But with Facebook and Youtube remaining monstrously popular, almost necessary, it is very likely that presence, ubiquity, user base, and popularity are all at least as valuable as cash. But web platforms in general, and Uber in particular, are consumer products and depend desperately on a large base of users wielding disposable income. Of course one of the reasons why Uber has become so popular in the wake of the recession is that it lies at a salient intersection of price and convenience. Still, unless incomes start rising across the board, and particularly for struggling millennials, there's no telling if demand for Uber rides will increase. And the company does seem to be hedging its bets on increasing demand, particularly in light of its gamble on the precarious Chinese consumer middle class.

And the problem lies not just with Uber. The key difference between the social media model and the gig economy is where the money comes from. Facebook , Youtube, and Twitter are based on a targeted-ad model that generates passive income from advertisers who want to reach customers wherever they are.

This model is broader and more resilient than the Uber model. Uber relies on selling a product directly to the consumer whereas social media sites are platforms first and advertisers second.

Talent pools like Toptal and Upwork suffer from a similar weakness. They are primarily a source of cheap creative work like web content, graphic design, and video editing. All of which depend, again, more heavily on consumer demand than the platforms they've adapted.

The progress we've made towards economic recovery since 2008 means that there's still enough money kicking around to support the gig economy. But as growth of low paying jobs outpaces higher paying ones, the gigsters are eating into their own consumer base. Simply put, if things keep going the way they are, the gig economy and the workers it utilizes will form a negative feedback loop wherein low wages drive down demand, leading to fewer gigs, and so on.

Proponents of project-based gig work are quick to laud the flexibility of working hours and the capacity to determine one's own work/life balance. But it's impossible to have any work/life balance when you're not making enough to live on. And, as the survey says a significant enough number of Uber drivers depend on that income to raise some serious concerns.

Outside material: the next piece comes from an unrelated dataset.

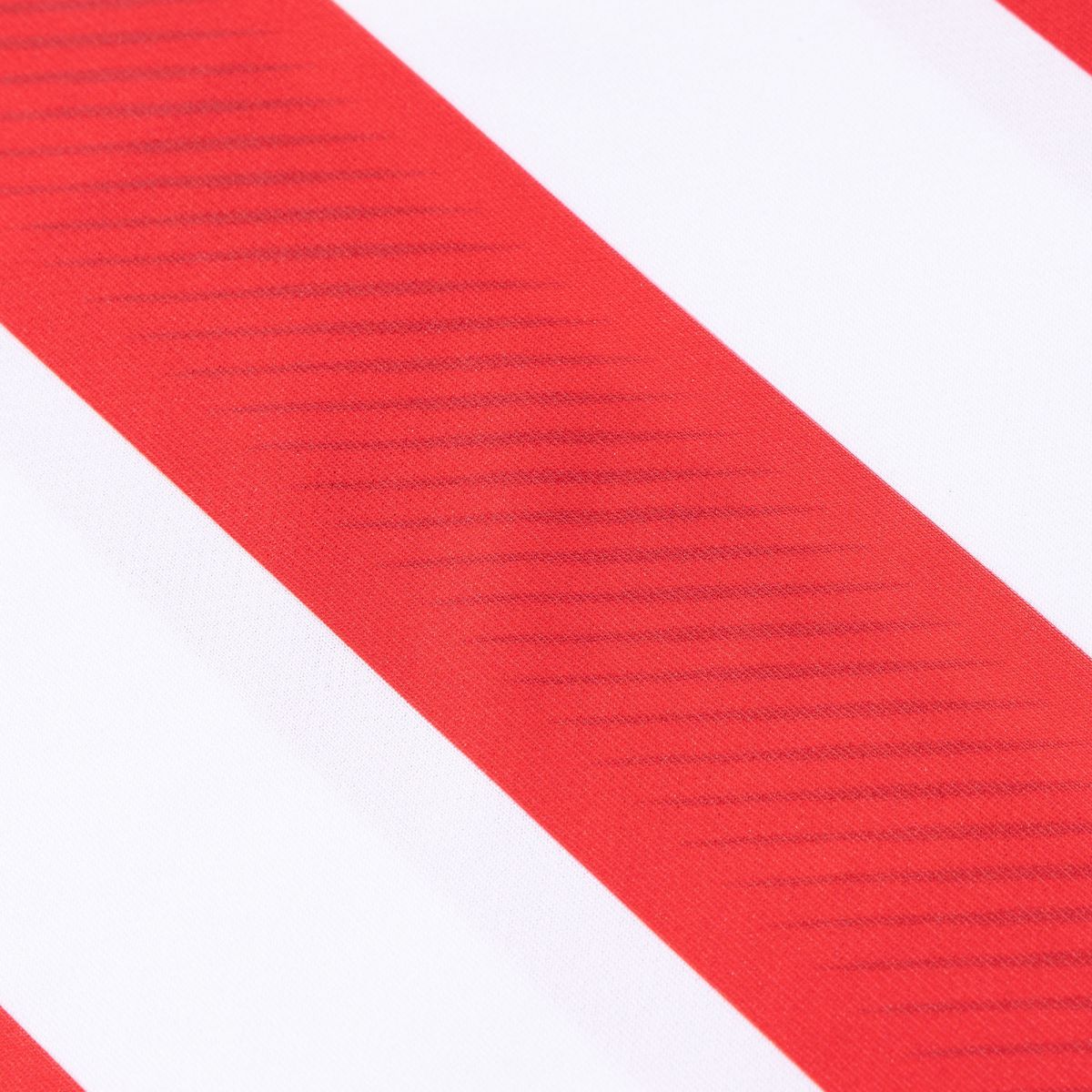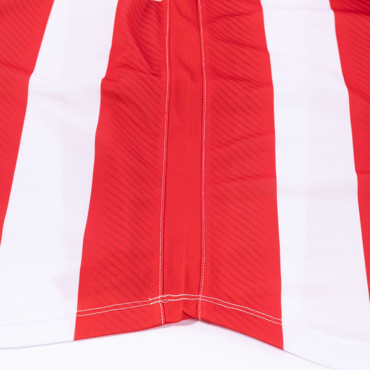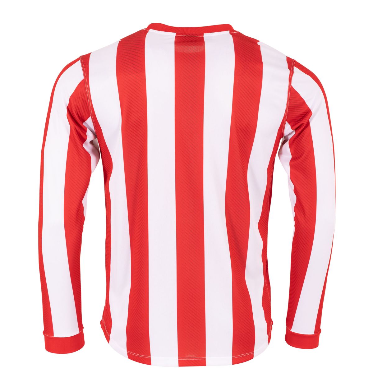 Das Stanno Aspire Langarm Trikot besteht aus 100% recyceltem Polyester mit ClimaTec-Finish und verfügt über ein sublimiertes Muster mit vertikalen Streifen. Auf der Vorderseite des Trikots befindet sich eine 20cm hohe Sponsorenfläche. Das Trikot verfügt über Stanno-Logos und eine Mesh-Struktur, die für einen optimalen Feuchtigkeitstransport sorgt. Das Shirt hat lange Ärmel mit Rippbündchen und doppelte Nähte, die es extra widerstandsfähig machen.

As a final note, having worked freelance gigs off and on for years, freelancing is occasionally fun, but I can't even imagine trying to make it work as a primary source of income; the fun of working from your favorite coffee shop quickly dries up when you don't have the money for coffee.

As always, thank you for reading. If you have an employment issue and would like to speak with an attorney, then don't hesitate to contact one of our employment lawyers today.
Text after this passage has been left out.